Researchers from Oxford University and DeepMind teamed up to create an AI system trained using 5000 hours of BBC videos, which contained 118,000 sentences. It managed to outperform a professional lip-reader who provides services for UK courts.
When shown a random sample of 200 videos from BBC broadcasts, the human lip-reader was able to decipher less than a quarter of the spoken words. But when the AI system was tested using the same data set, it deciphered almost half the words and could make out entire complex phrases.
Additionally, the machine was able to annotate 46 percent of the words without error, whereas the professional only managed around 12 percent. Most of the AI’s mistakes were minor, like missing the ‘s’ from the end of words.
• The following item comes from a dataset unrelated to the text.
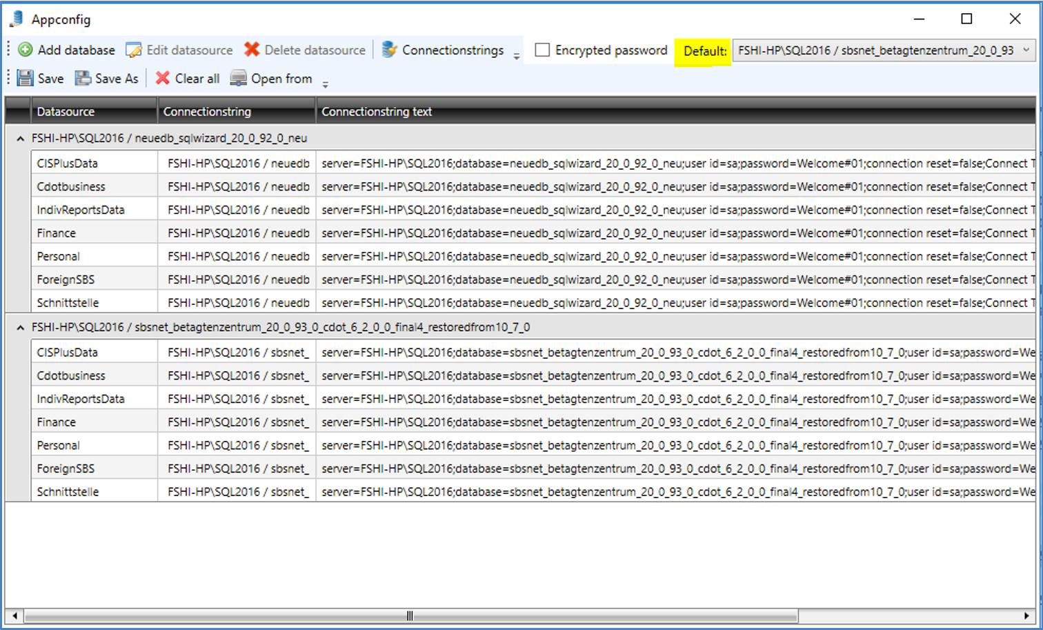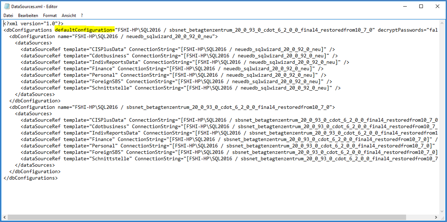 Falls mehr als eine Datenbankkonfiguration in der entsprechenden Datei DataSources.xml definiert sind, wird beim AD-Autologin automatisch die sogenannte Default-Configuration zur Anmeldung verwendet. Soll also ein Client auf einer spezifischen Datenbank mit AD-Autologin anmelden, dann muss die Default-Configuration in der Datei DataSources.xml des entsprechend angepasst werden.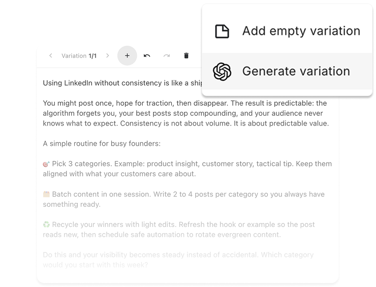 Every post is AI-rewritten before it goes out. Same insight, different angle. Your audience sees a fresh take — not a rerun. You approve everything before it posts.

Two weeks ago, another deep learning system that can read lips was developed at the University of Oxford. LipNet was also able to beat a human when it came to accurately reading lips, though the data set used in this instance, called GRID, contained only 51 unique words, whereas the BBC data contains nearly 17,500, according to New Scientist.
GRID also used well-lit videos of people facing the camera and reading three seconds worth of words. After showing the AI 29,000 videos, it had an error rate of just 6.6 percent, while humans that were tested using 300 similar videos had an average error rate of 47.7 percent.
Researchers say the system could find use in mobile technologies, virtual assistants, and for general speech recognition tasks. It could also be invaluable in helping deaf and hearing-impaired people understand others.
"A machine that can lip read opens up a host of applications: 'dictating' instructions or messages to a phone in a noisy environment; transcribing and redubbing archival silent films; resolving multi-talker simultaneous speech; and, improving the performance of automated speech recognition in general," wrote the researchers in their paper.